## GOAL OF THE EXERCISE
Shown below is a listing with pictures; reproduce exactly, and only, the lines between the ones containing "(재)광양시어린이보육재단(이사장 이광용)은 지난" and "Ivanka Trump on", inclusive, leaving the pictures out.

## MATERIAL PROVIDED
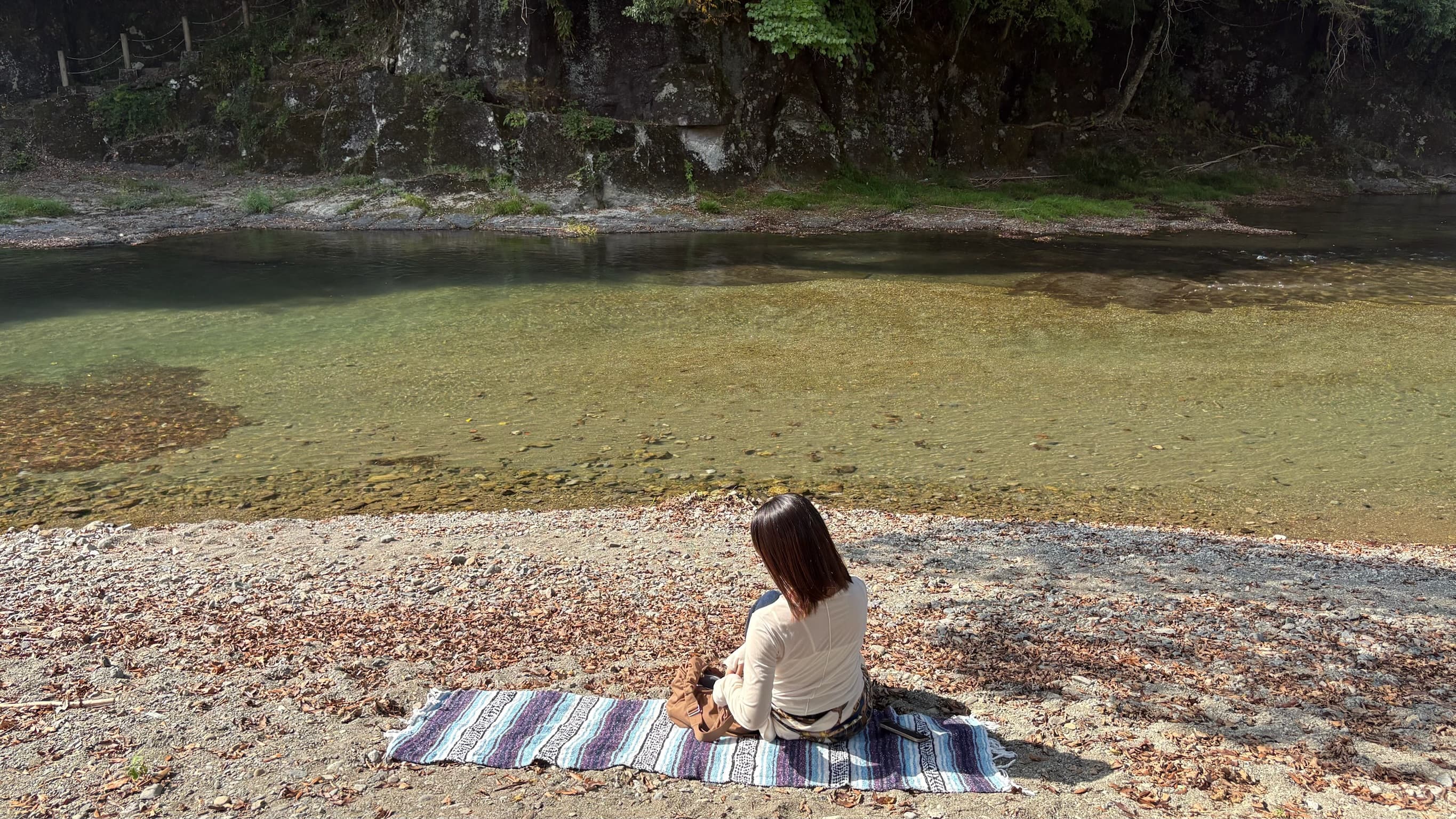 お店から歩いてすぐのところに川があるので、ラグを広げて自然を感じながらのんびり過ごすことができます。
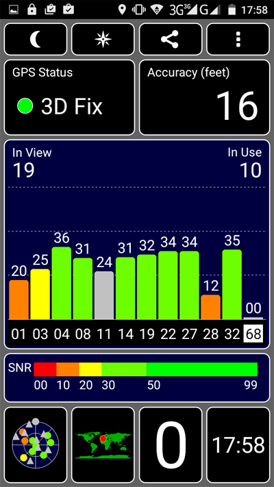 Сначала работа GPS не понравилась: координаты явно "плавали". Но я в программе "GPS тест" сделал Clear AGPS и Update AGPS, после чего координаты стали ловиться вполне прилично.
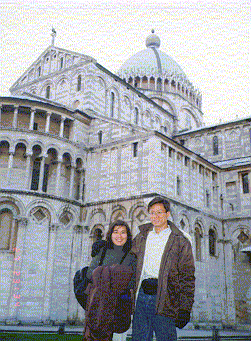 A memorable photo at the Field of Miracles, in front of the Bascilica in Pisa. |
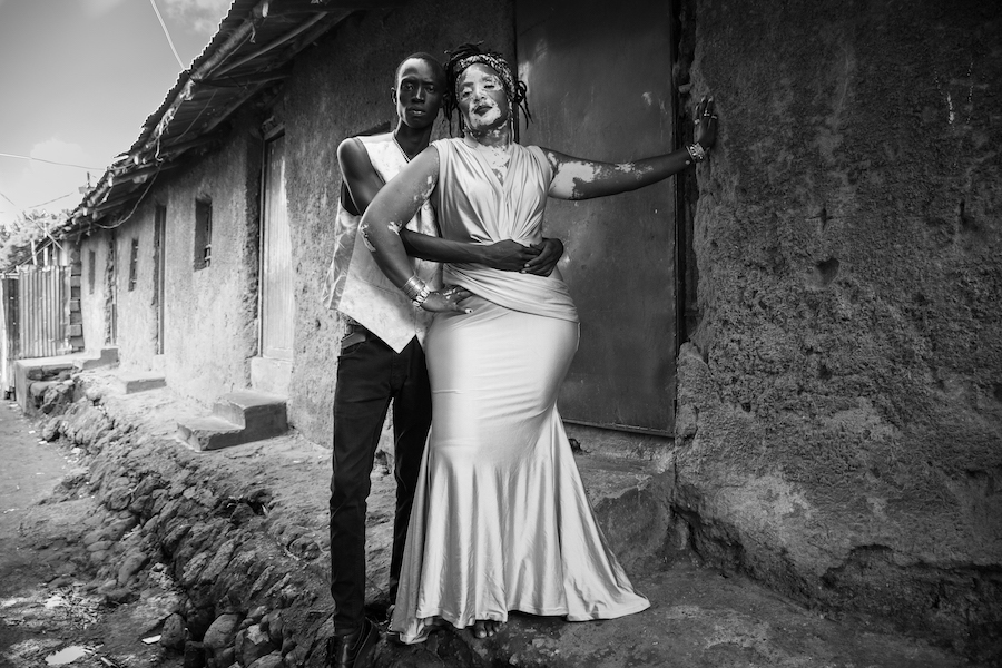 “I shot this editorial over the course of four months in Kibera with 34 models representing a variety of cultures (Kenyans, Somalis, South Sudanese), skin colors and body types. Kibera and Kenya as a whole is diverse with many different nationalities and tribes and I wanted to show this in my selection of models. As well, in this current world where humans are divided based on political views, religion, race, gender identity and sexual orientation, I wanted to illustrate the power of love in bringing people together to make positive social change. The cast of models includes a burn survivor who trains Kiberian youth to create sustainable art, a vitiligo activist, a fitness model who teaches football to children from the slums and a South Sudanese menstrual rights advocate working with girls in Kibera.
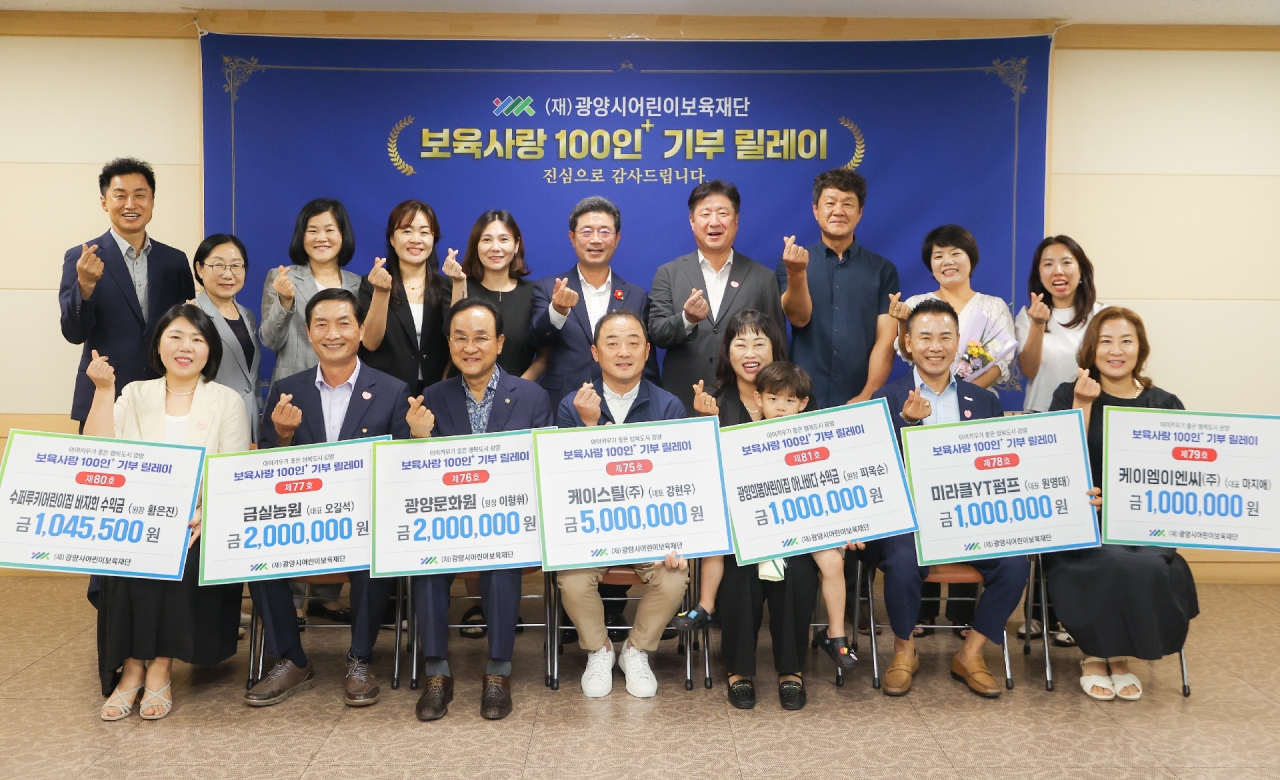 (재)광양시어린이보육재단(이사장 이광용)은 지난 7일 광양시청 만남실에서 ‘보육사랑 100인+ 기부 릴레이’ 후원금 기탁식을 개최했다.
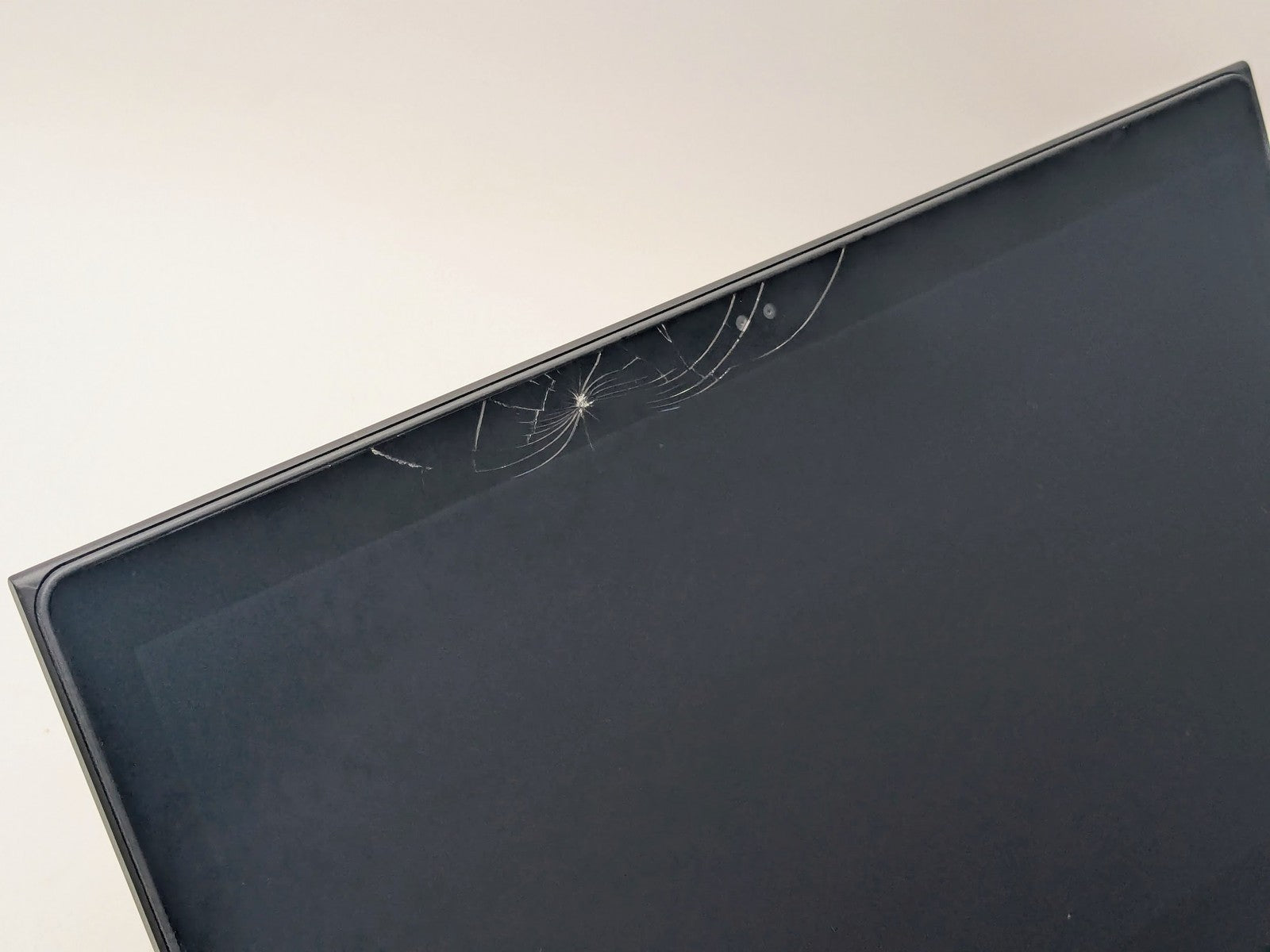Cosmetic Defects: Interior: Display cracked at top middle. Palmrest has heavy wear. Exterior: Top cover has moderate wear/visible scratches. Bottom cover has heavy wear/engraved writing/scratches. Some wear on foot covers.
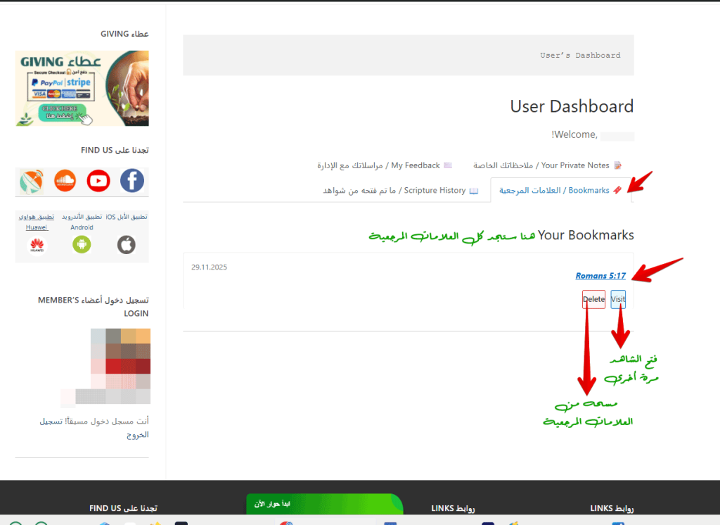 كمثال: الضغط على “العلامات المرجعية”سيظهر المحتوى بداخلها، ويمكنك زيارته مرة أخرى أو مسحه.
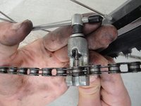 Align the push pin of the tool with the pin on the chain, and tighten the tool until the pin protrudes out the other side without falling all the way out.
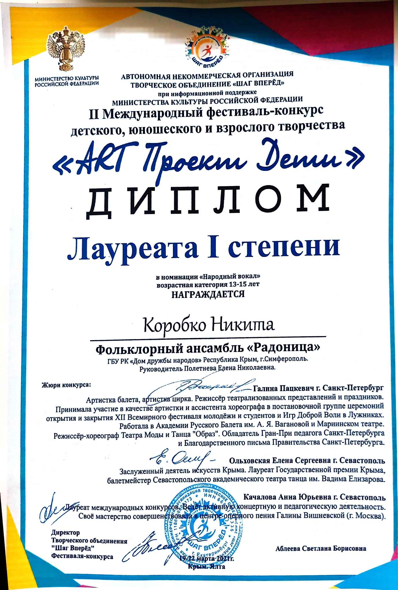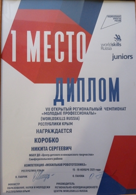 1. Диплом I место в VII открытый чемпионат «Молодые профессионалы» Республики Крым. Компетенция – «Мобильная робототехника»
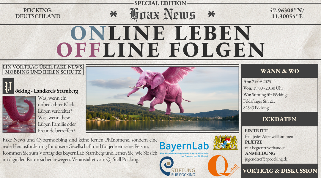 In der Stiftung Pöcking wird das BayernLab Starnberg einen Vortrag zum Thema Mobbing & Fake News geben.
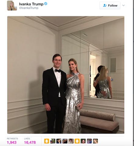 Ivanka Trump on Saturday posted a photo of herself and her husband, senior White House adviser Jared Kushner, decked out in formal wear — as immigrants with legal paperwork were detained at airports across the country thanks to her father's Muslim ban.
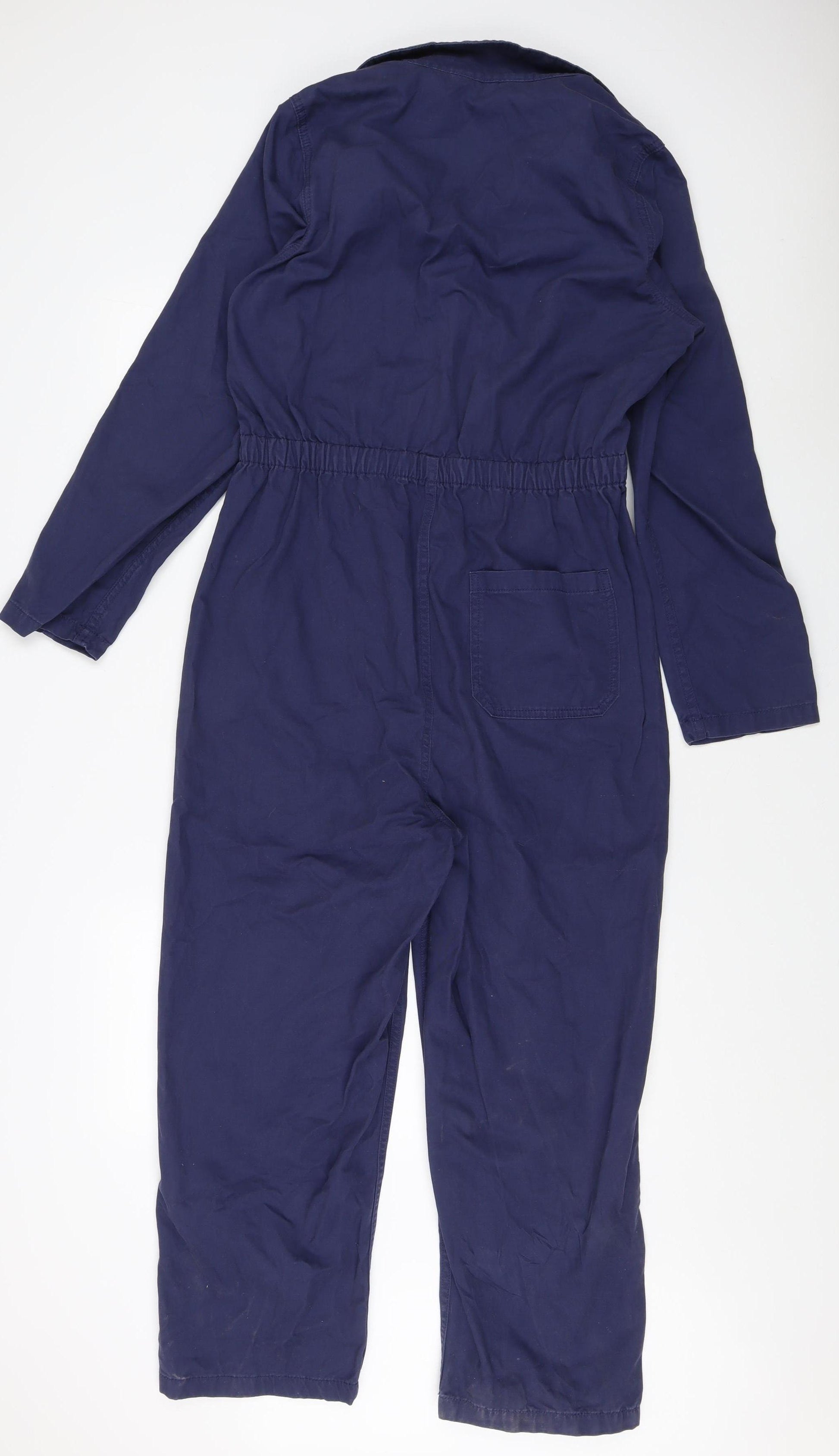 Discover comfort and style with this versatile Marks and Spencer women's jumpsuit in a classic blue hue. Perfect for casual outings, this one-piece garment is crafted from 100% cotton, ensuring a soft, breathable experience. Its regular fit and long sleeves provide a flattering silhouette suitable for any body type. Featuring a secure zip closure, this collared jumpsuit includes convenient pockets and an elastic waist for added functionality and ease. Its straight-leg style and unpatterned design make it a timeless addition to any wardrobe, ideal for all-season wear. Despite slight fabric wear, it remains in excellent condition, ready to elevate your everyday look. Enjoy the balance of modernity and tradition with this quality piece that's machine washable for effortless care. Whether dressing up or down, this jumpsuit promises versatility, making it the go-to choice for women who appreciate style and comfort in equal measure. Grab this chic one-piece today and experience the elegance and practicality synonymous with Marks and Spencer.

## RESPONSE BOX
 (재)광양시어린이보육재단(이사장 이광용)은 지난 7일 광양시청 만남실에서 ‘보육사랑 100인+ 기부 릴레이’ 후원금 기탁식을 개최했다.
Cosmetic Defects: Interior: Display cracked at top middle. Palmrest has heavy wear. Exterior: Top cover has moderate wear/visible scratches. Bottom cover has heavy wear/engraved writing/scratches. Some wear on foot covers.
 كمثال: الضغط على “العلامات المرجعية”سيظهر المحتوى بداخلها، ويمكنك زيارته مرة أخرى أو مسحه.
 Align the push pin of the tool with the pin on the chain, and tighten the tool until the pin protrudes out the other side without falling all the way out.
 1. Диплом I место в VII открытый чемпионат «Молодые профессионалы» Республики Крым. Компетенция – «Мобильная робототехника»
 In der Stiftung Pöcking wird das BayernLab Starnberg einen Vortrag zum Thema Mobbing & Fake News geben.
 Ivanka Trump on Saturday posted a photo of herself and her husband, senior White House adviser Jared Kushner, decked out in formal wear — as immigrants with legal paperwork were detained at airports across the country thanks to her father's Muslim ban.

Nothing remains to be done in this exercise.